Beyond its financial success, perhaps the most significant impact Neverwinter Nights had on Bioware’s future was as an unofficial recruitment tool. “It really shows, ‘This is how to make a Bioware RPG,’” Oster says. “And that became the hiring pipeline for designers for probably five, six years at Bioware. It’s like, ‘Oh, you want to be a technical designer at Bioware? Where’s your Neverwinter mod?’” Oster cites two Bioware designers who were recruited from the Neverwinter modding scene – Georg Zoeller, who worked on titles like Mass Effect and Star Wars: The Old Republic, and Yaron Jakobs, who is still at Bioware today.
Oster himself left Bioware during the development of Dragon Age, forming his own company, Beamdog. But he went back to working on Neverwinter Nights for Beamdog’s remastered version of the game. I asked him about his experience returning to the shadowy streets of the Forgotten Realms city; whether it was any easier to work on a second time around.
“It’s never easy because, especially games from that era, in order to make them perform, you had to be clever,” he says. “And when you’re clever, technology advances in that 10 year period, where ‘clever’ is now the wrong way to do things.” Among other challenges, Beamdog had to completely rebuild the game’s renderer, which they took “a couple of runs at” in order to have it perform optimally on both console and PC.
Never again?
Launched in 2018, Neverwinter Nights: Enhanced Edition found an audience all over again. This isn’t especially surprising. While many games have taken important lessons from Oster’s opus, no other RPG occupies quite the same space. Neverwinter Nights hasn’t seen a spiritual successor the way that Baldur’s Gate has, in Pillars of Eternity. The closest analogue is probably Larian’s Divinity: Original Sin 2, which launched with its “Game Master” modding tools. But Larian’s RPG isn’t associated with D&D.

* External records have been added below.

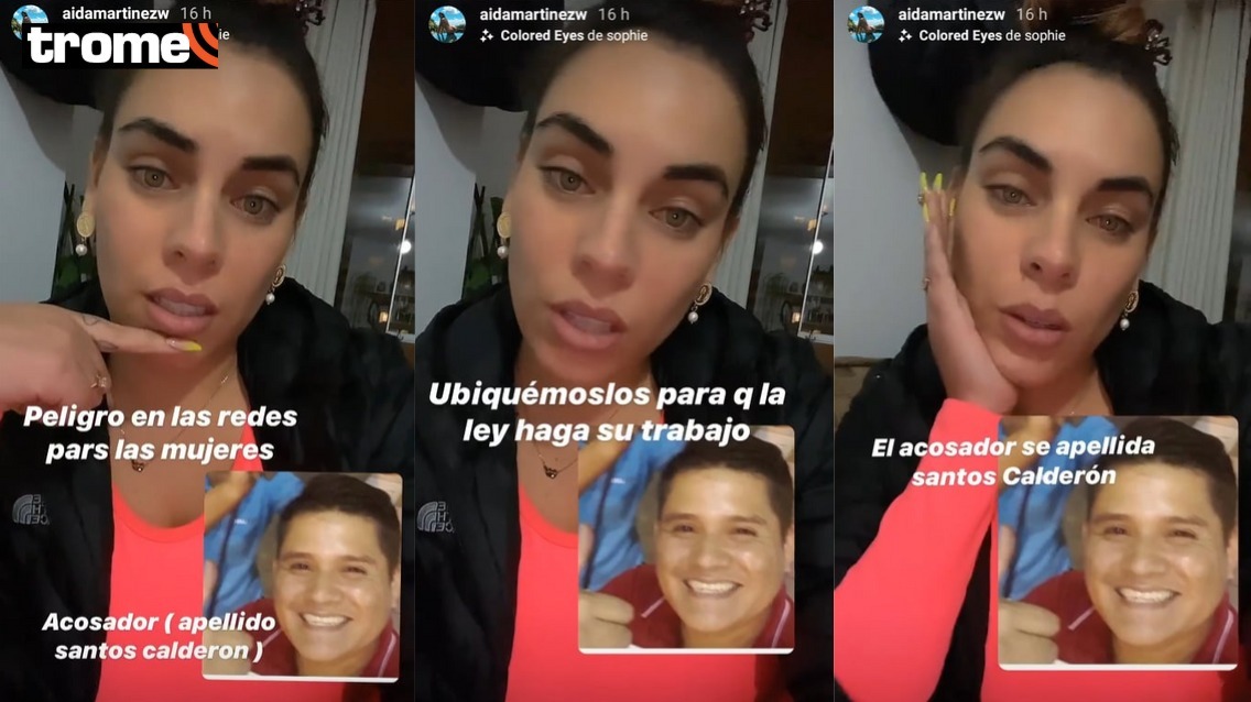 “Este acosador de apellidos Santos Calderón se ha conseguido el número de mi manager y ha mandado imagenes porno. Ha insultado a mi manager y a mí. Sé que él me sigue pero hay muchos que están ahí en redes sociales. Ayúdame a denunciarlo, quiero enviarle una carta notarial y denunciarlo para que este chico no siga acosando a más mujeres”, comenta Aída Martínez en el video.
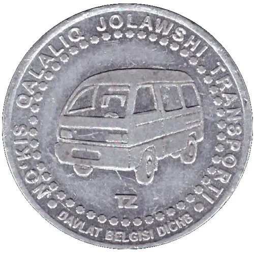| Obverse lettering | NO`KIS QALALIQ JOLAWSHI TRANSPORTI TZ .DAVLAT BELGISI DICHB • |
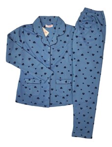 Ustyle Γυναικεία σετ πιτζάμας χειμερινό με fleece με καρδούλες Μπλε US-2376-2381
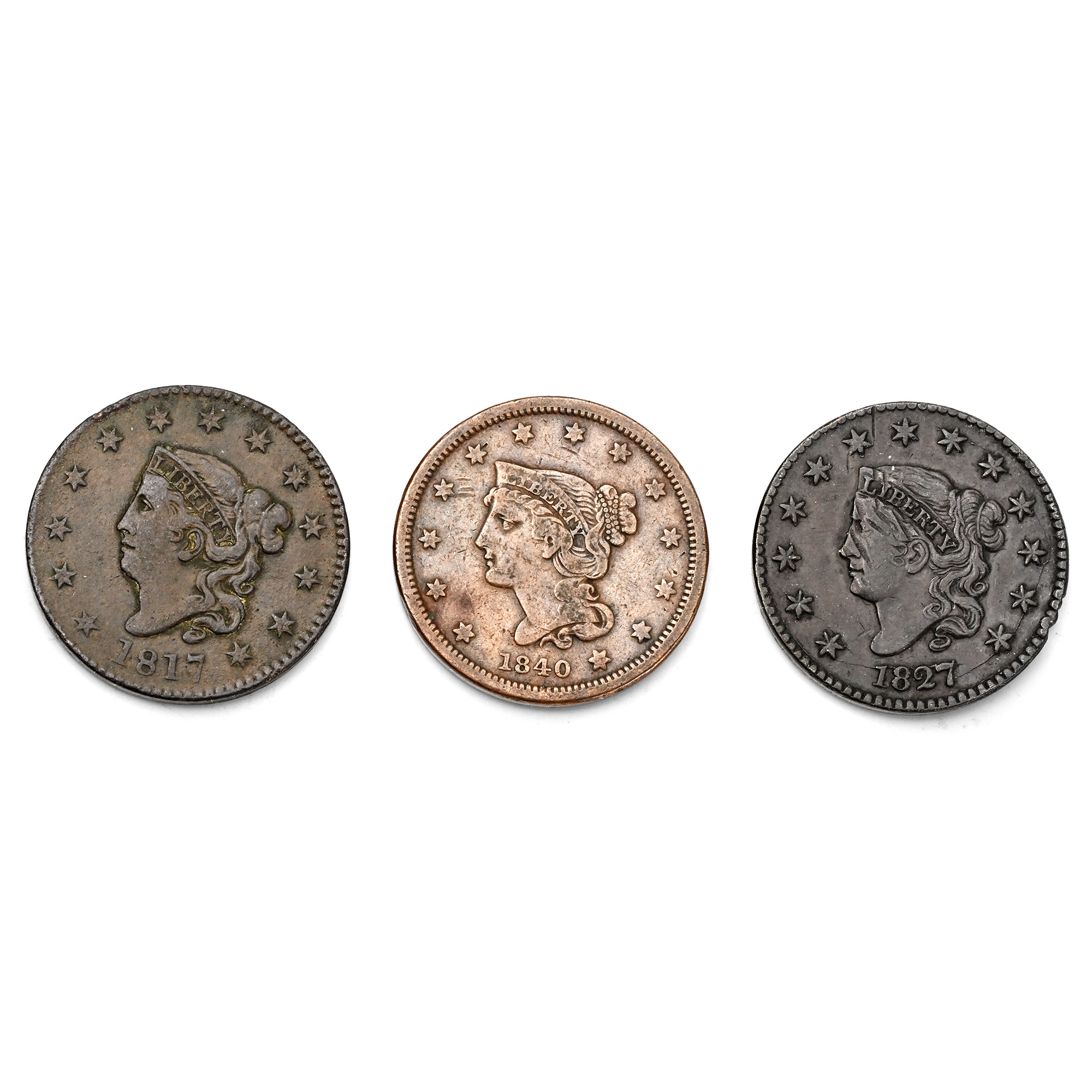 Back to previous pageUnited States of America. Group of Three [3] AE Braided Hair Cents. 1817-1840.
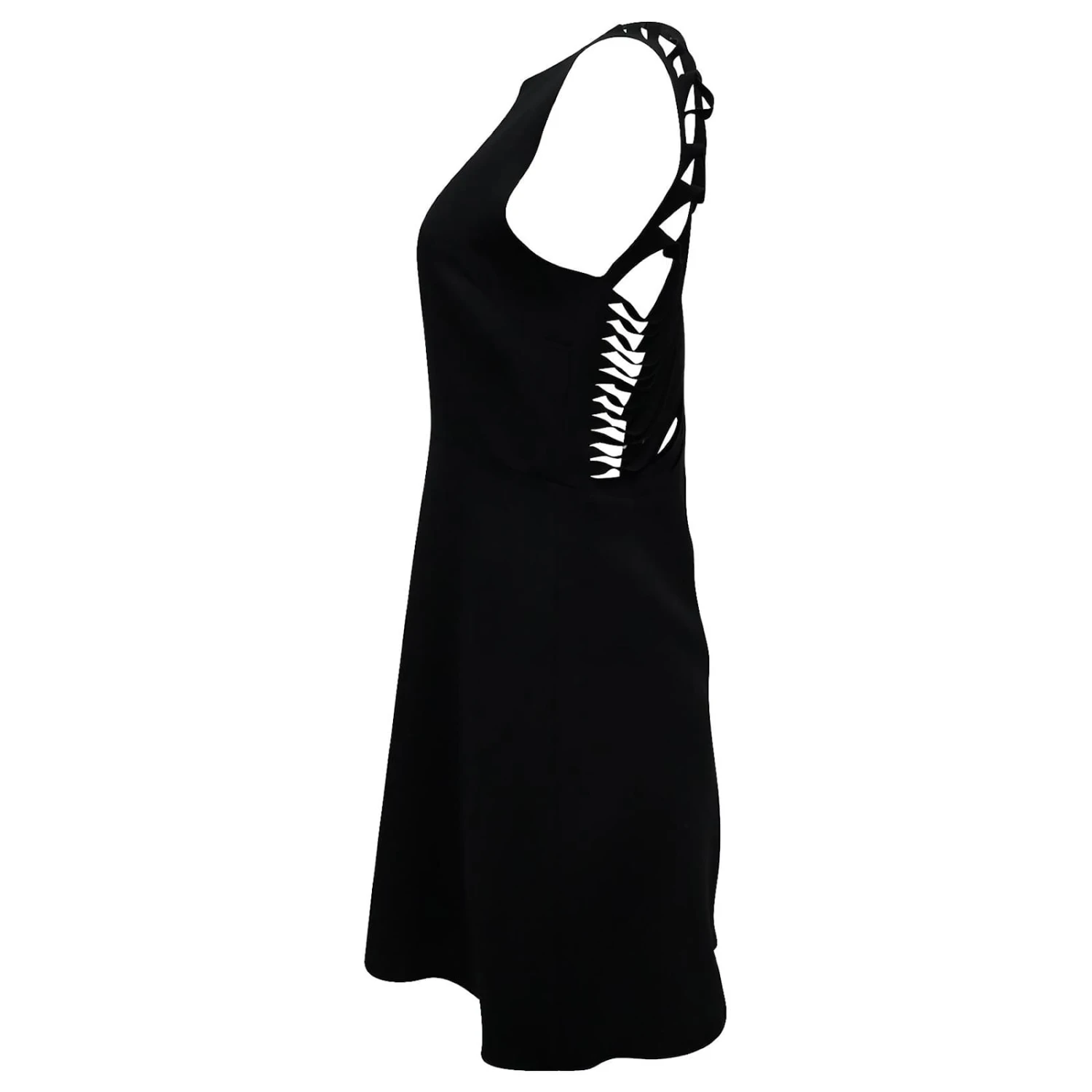 La mini robe Sandro Paris découpée dans le dos arbore un tissu en polyester noir avec un style sans manches. Un détail découpé unique dans le dos et un design minimaliste rendent cette robe parfaite pour les fêtes ou comme pièce de conditionnement sophistiquée dans votre garde-robe.
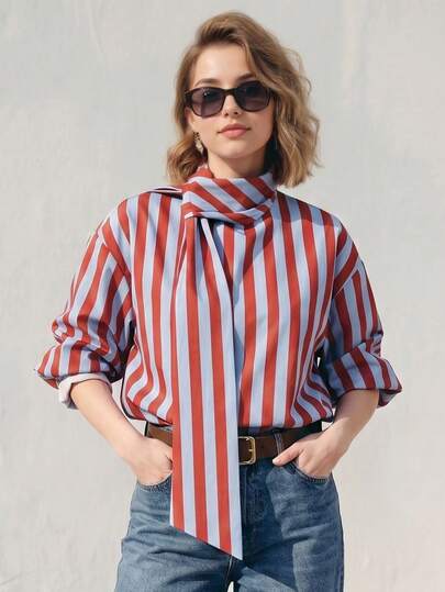 女士春夏优雅休闲蝴蝶结领撞色条纹衬衫
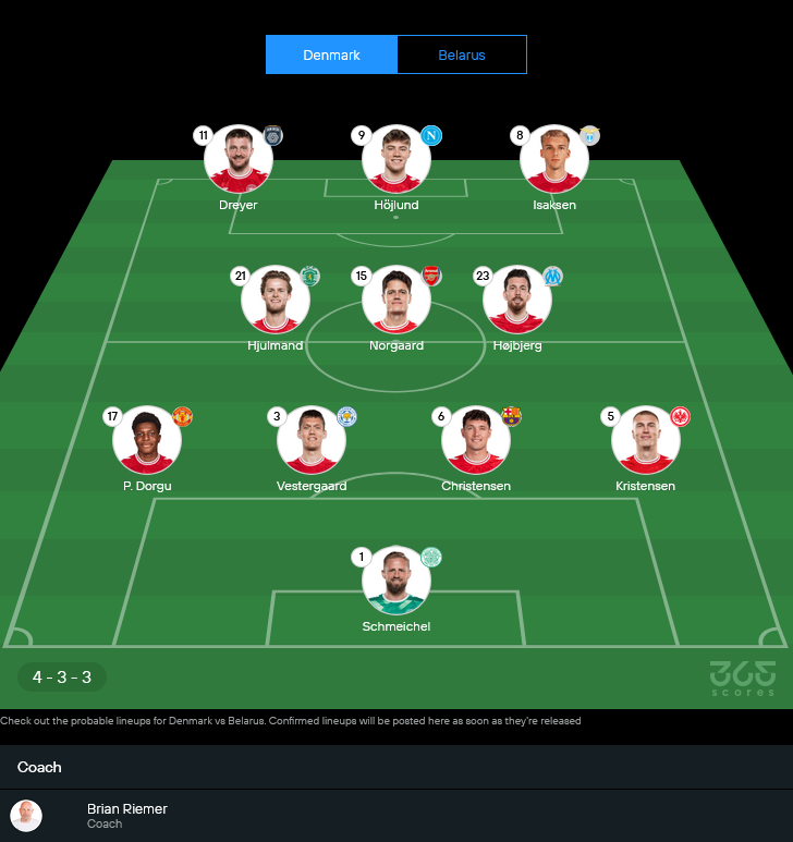 เดนมาร์ก (คาดว่าใช้แผน 4-3-3)
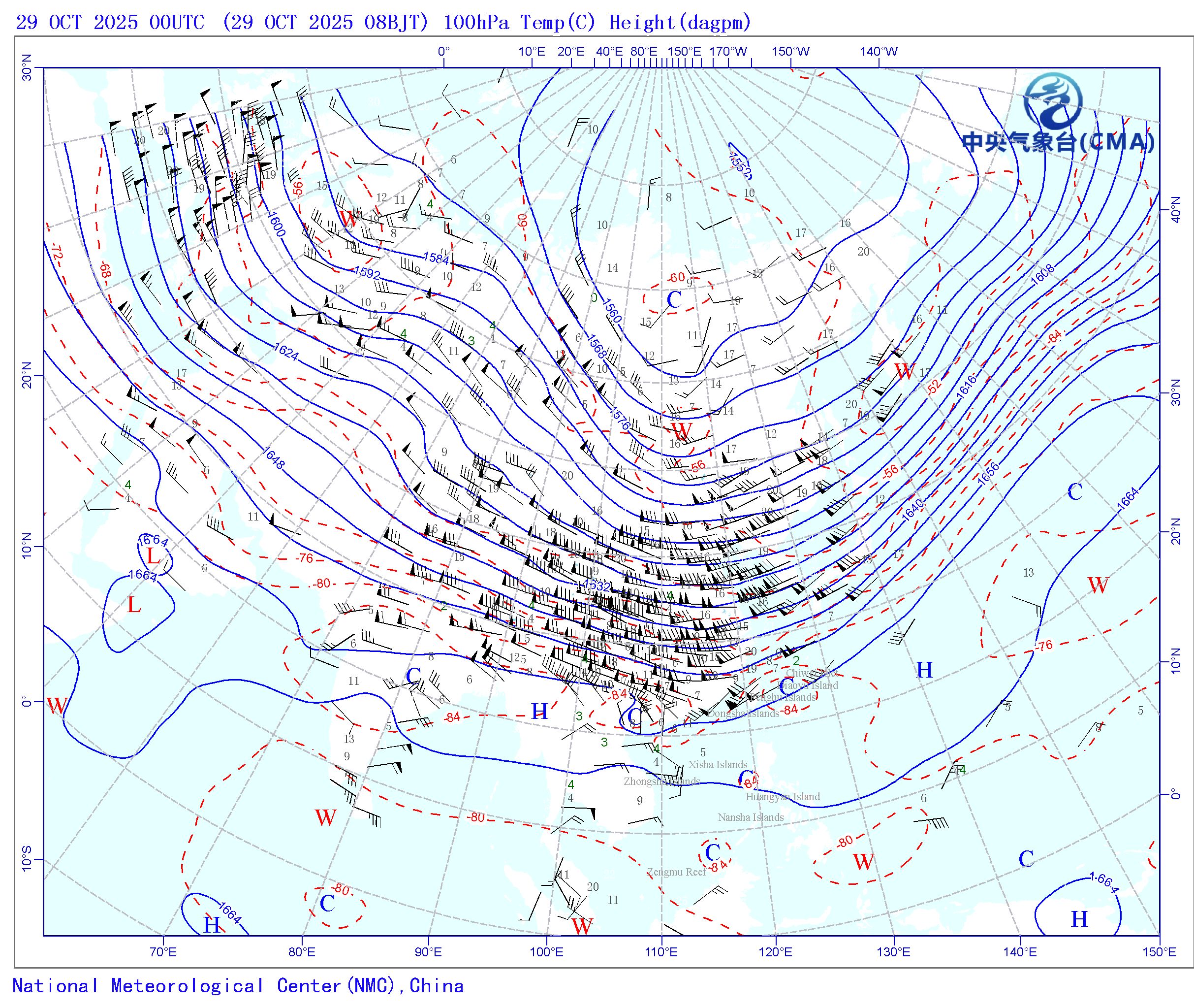 站點的填圖要素包括:風向風速和溫度露點差;天氣系統符號包括:高壓中心(H)、低壓中心(L)、暖中心(W)、冷中心(C)和臺風符號;藍色等值線為等高線(單位dagpm);紅色等值線為等溫線(單位℃),其中零攝氏度以下以虛線顯示。

Perhaps the potential audience for a new Neverwinter Nights is still happily playing the original. Or perhaps, as Oster puts it, “If somebody else tried to build that game today, it would take them 10 years.” Either way, the lack of a successor clearly bugs Oster, and despite the cost of making Neverwinter Nights, he’s still clearly infatuated with the principles behind it. “I’m so tempted personally to take another run at it,” he says, smiling mischievously. “Again, I’m an optimizer. Can I make it without spending 10 years doing it? I haven’t figured it out. Yet.”